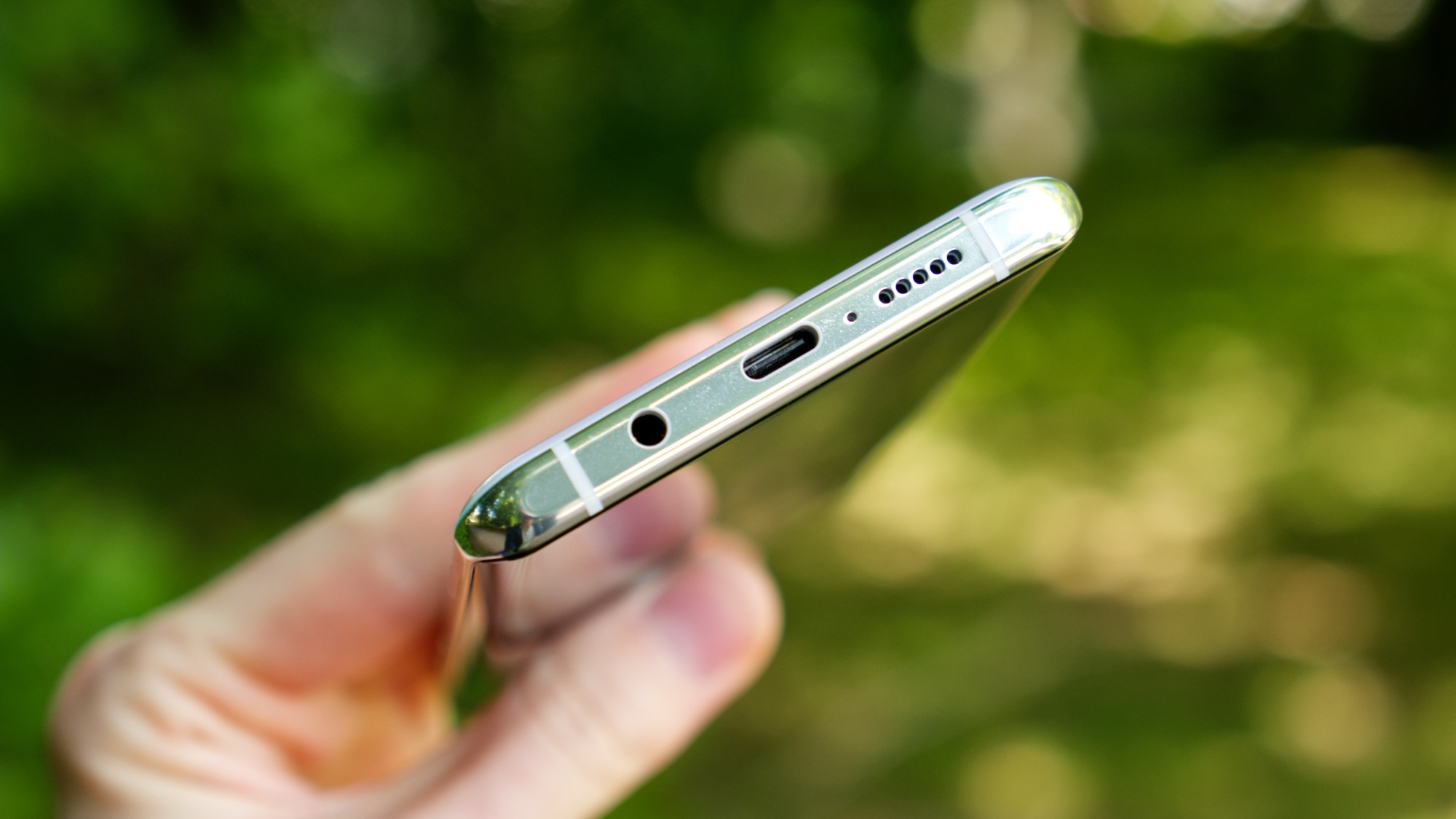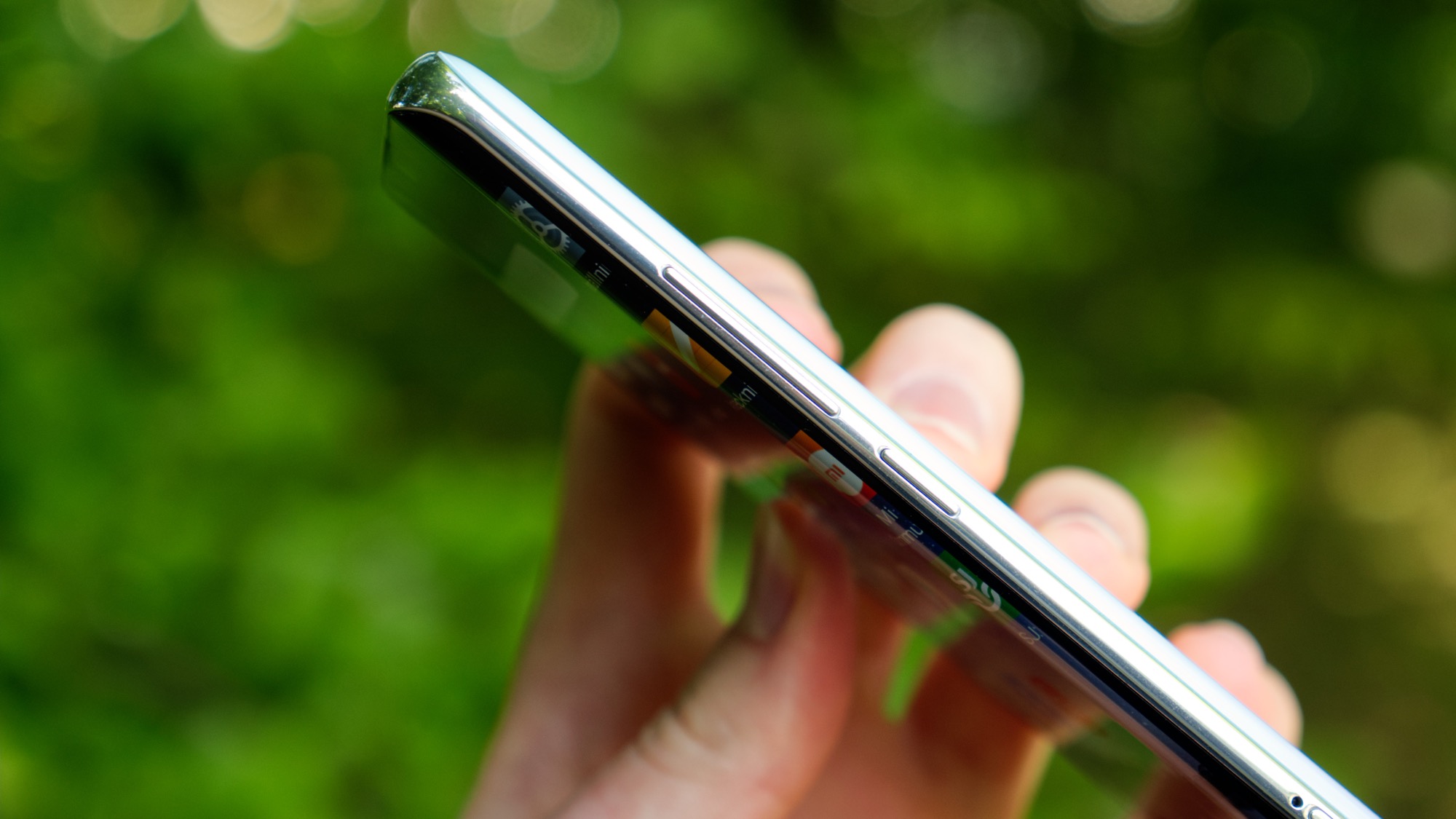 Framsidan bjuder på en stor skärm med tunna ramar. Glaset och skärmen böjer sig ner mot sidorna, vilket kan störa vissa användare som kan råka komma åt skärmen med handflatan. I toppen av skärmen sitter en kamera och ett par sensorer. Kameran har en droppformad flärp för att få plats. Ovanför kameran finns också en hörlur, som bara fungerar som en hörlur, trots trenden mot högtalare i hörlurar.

...

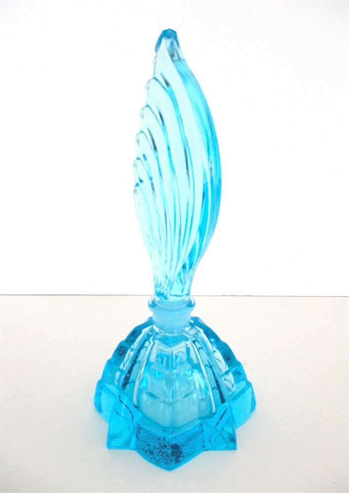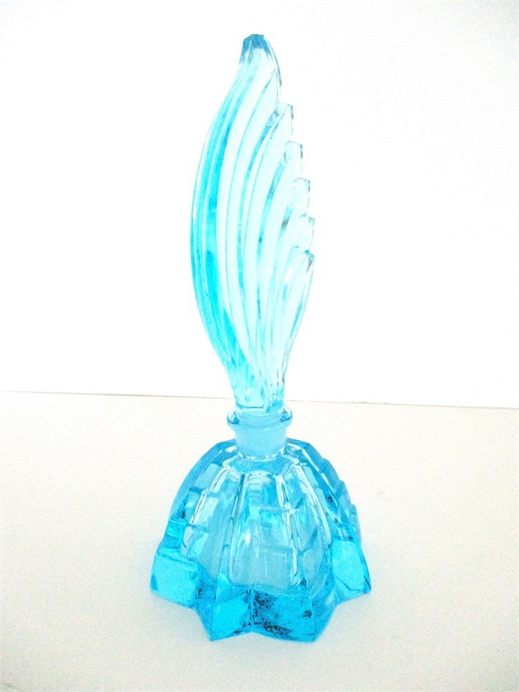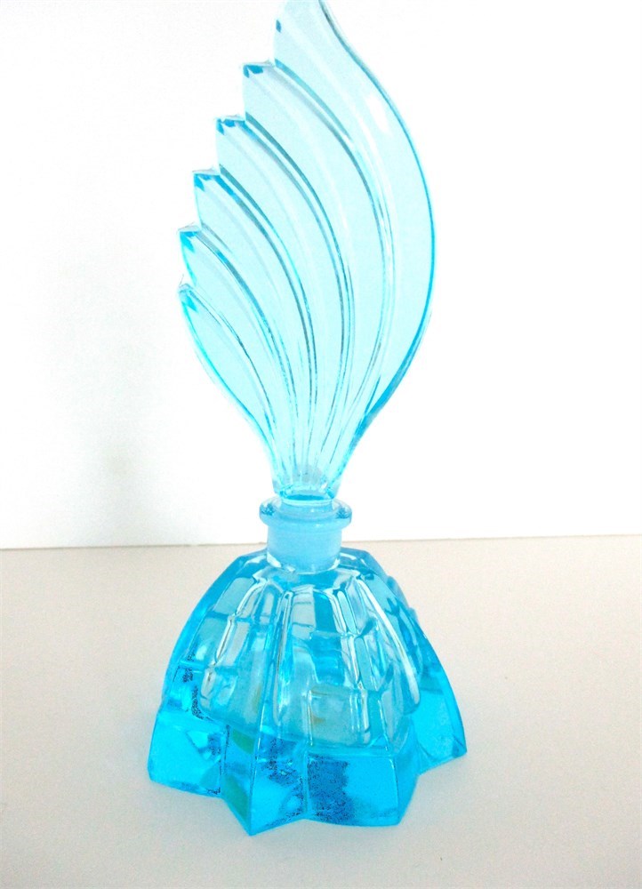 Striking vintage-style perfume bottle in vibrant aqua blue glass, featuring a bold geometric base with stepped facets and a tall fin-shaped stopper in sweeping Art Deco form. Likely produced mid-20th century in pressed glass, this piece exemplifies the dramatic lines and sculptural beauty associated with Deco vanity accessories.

---

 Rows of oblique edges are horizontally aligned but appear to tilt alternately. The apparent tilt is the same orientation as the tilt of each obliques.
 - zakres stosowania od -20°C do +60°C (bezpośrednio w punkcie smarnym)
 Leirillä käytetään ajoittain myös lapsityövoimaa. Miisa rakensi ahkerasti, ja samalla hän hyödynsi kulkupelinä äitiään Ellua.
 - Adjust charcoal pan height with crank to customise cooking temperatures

- TASK PROMPT:
Starting at the line above that contains "Rows of oblique", repeat each line exactly up to and including the line that contains "Leirillä käytetään ajoittain", and stop there.

- EXERCISE SOLUTION:
 Rows of oblique edges are horizontally aligned but appear to tilt alternately. The apparent tilt is the same orientation as the tilt of each obliques.
 - zakres stosowania od -20°C do +60°C (bezpośrednio w punkcie smarnym)
 Leirillä käytetään ajoittain myös lapsityövoimaa. Miisa rakensi ahkerasti, ja samalla hän hyödynsi kulkupelinä äitiään Ellua.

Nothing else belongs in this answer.